The intellectual difficulty is that human social behavior is like an opera. Evolution provides the floorboards, but the arias, the drama, the story are most directly understood in terms of culture and history -- not in terms of Darwinian evolution. The emotions in the audience created by a scene on a movie screen are most directly understood in terms of culture and history -- not in terms of quantum mechanics and its elaborations that produced the images. The emotions produced by music cannot be understood in terms of the physics of the mechanical vibrations of musical instruments -- especially not the changes in such emotions from one generation to the next.

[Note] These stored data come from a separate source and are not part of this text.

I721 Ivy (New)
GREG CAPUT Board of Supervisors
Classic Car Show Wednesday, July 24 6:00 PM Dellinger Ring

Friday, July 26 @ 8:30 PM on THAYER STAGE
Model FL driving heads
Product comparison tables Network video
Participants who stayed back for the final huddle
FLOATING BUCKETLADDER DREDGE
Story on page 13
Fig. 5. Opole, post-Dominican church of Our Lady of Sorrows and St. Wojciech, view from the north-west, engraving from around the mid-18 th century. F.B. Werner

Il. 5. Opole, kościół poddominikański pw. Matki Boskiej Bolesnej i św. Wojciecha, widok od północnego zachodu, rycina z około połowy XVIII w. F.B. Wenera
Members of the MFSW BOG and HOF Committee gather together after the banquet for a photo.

Evolution may be an ultimate cause of many biological phenomena, but in human affairs it's usually not a proximal cause, and the difference is very important if you want an approach that's useful. Ultimate causes are hardly ever useful explanations or sources of prediction. The ultimate cause of all life on Earth is the energy received from the Sun, and the ultimate cause of that energy is quantum mechanics--and the ultiimate cause of quantum mechanics as the modus operandi of the Cosmos was maybe the nature of the Big Bang. None of these ultimate causes can be used to predict human events--they can be used only as anthropomorphic philosophical descriptions. Evolutionary theory is of no use in predicting whether or not a particular schizophrenic patient will commit suicide--or whether country A will attack country B.

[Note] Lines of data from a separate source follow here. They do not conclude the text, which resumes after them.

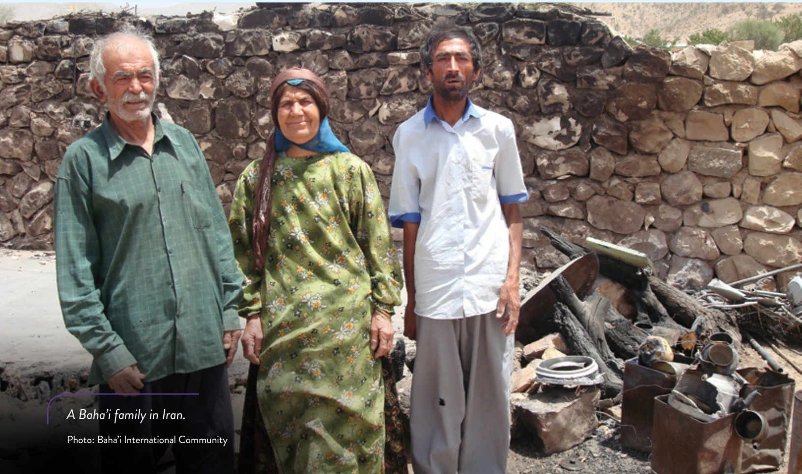
A Baha'i family in Iran.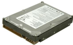
Buys HDD in Kumasi, Ghana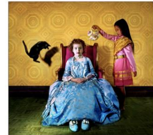
90 x 97.5 cm 1. Samantha Everton, Camellia , 2009, Editions 8, Pigment ink on rag, © Samantha Everton

Suggest art practices and working methods the artist may have used to make the artwork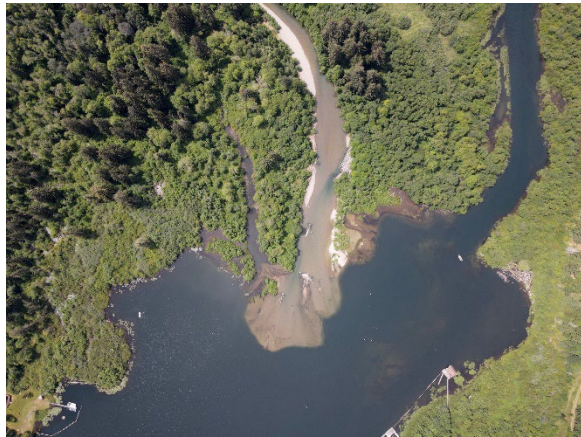
Figure 3. Downstream transport of sediment, impacting alluvial fan at Robertson River in 2022.

The aggradation of alluvial fans, stream flow and lake water levels are some of the site specific variables that can contribute to or limit the Vancouver Lamprey accessing and utilizing this habitat type during critical life stages (Figure 2). In Cowichan Lake, aggradation and low lake levels have resulted in alluvial fan habitat becoming dewatered prior to peak spawning periods within the spawning window. Removal of excess sediment could contribute to maintaining spawning habitat for Vancouver Lamprey, even with lower lake water levels. Therefore, for alluvial fans which have excess sediment that are at risk of being dewatered with low lake water levels during the spawning period, removal of excess sediment could be evaluated to determine the conservation benefits for Vancouver Lamprey. Creation of sediment traps could also be highly beneficial and provide some level of protection and stability to spawning habitat from continual aggradation.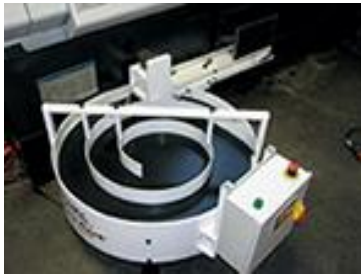
5 PM - Tuesday

The Royal Rota-Rack™ unlocks hours of extra unmanned production potential. Simply load your bar feeder before you leave for the night and be greeted the next morning by a Rota-Rack full of finished parts.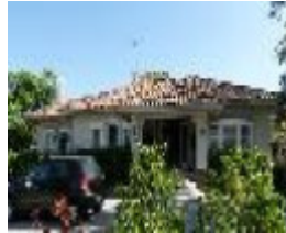
460 Camberwell Road.jpg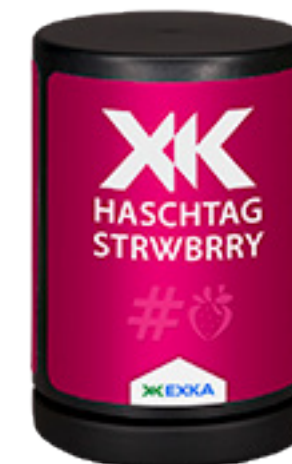
12 units per case

We humans are indeed biological systems and grand schemes about us are always seductive. The sociobiology grand scheme was seductive 35 years ago when first proposed. It's no longer so seductive for many people, but it still floats around here and there. Nicholas Wade's idea that the theory of evolution can explain everything in biology is, when applied to humans, a restatement of sociobiology and just as problematic.

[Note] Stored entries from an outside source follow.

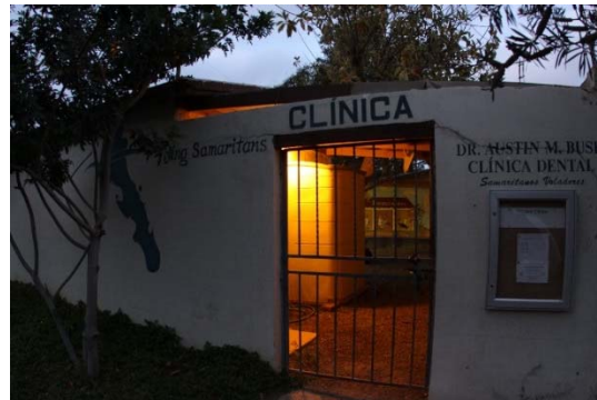
The Clinic at Night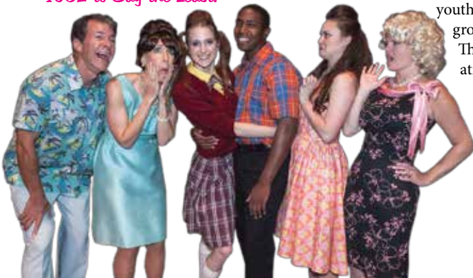
An Unconventional Romance for 1962 to Say the Least!

N. Main St. in downtown Conroe. Our cruise raffle drawing will be held at intermission at the final performance of Hairspray on July 27th. This cruise for two persons is aboard the Royal Caribbean Navigator of the Sea where the winners will set sail Oct.26 for an 8 day 7 night cruise with ports of call including Grand Cayman, Cozumel and Jamaica. Transportation from your home in the Houston area to Galveston is included! Raffle tickets are only $5 for one or $20 for five tickets. Winner does not have to be present to win. Get your raffle tickets at any of the performances of Hairspray or online at www.stage-right.org . ♦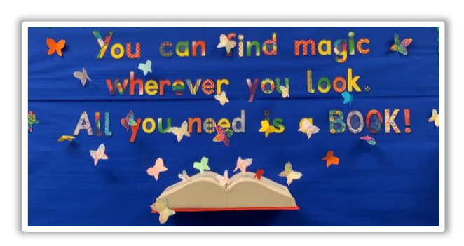
You can help by encouraging that 'love of reading'

At KEPS we believe in learning , growing & achieving together... there is no better time than now to show this as a community.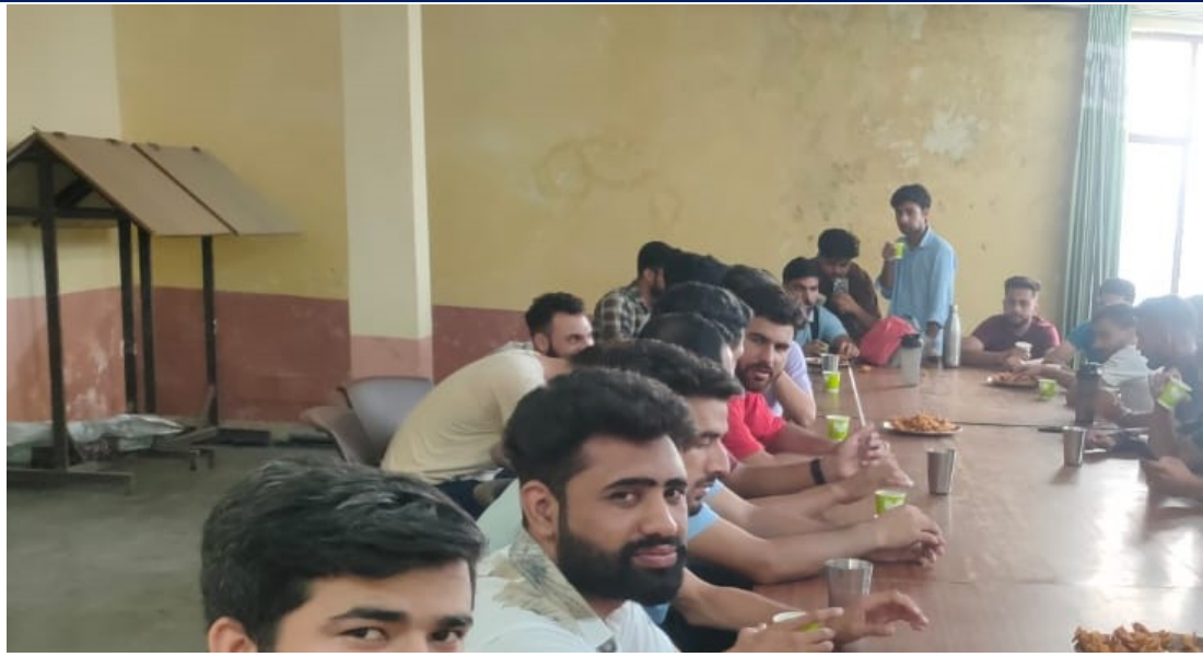
During meeting with the boarders regarding “Zero tolerance against Ragging”

Darwin's theory is not "wrong" -- it underlies all biological phenomena. But for human social events, it just has limited explanatory scope. So what? Every theory has limited explanatory scope. The social sciences, the studies of the various behaviors of that most complex living system -- the human species -- are not a reasonable target for explanations based on Darwin's theory of evolution -- and, contra Nicholas Wade, no serious biologist believes otherwise.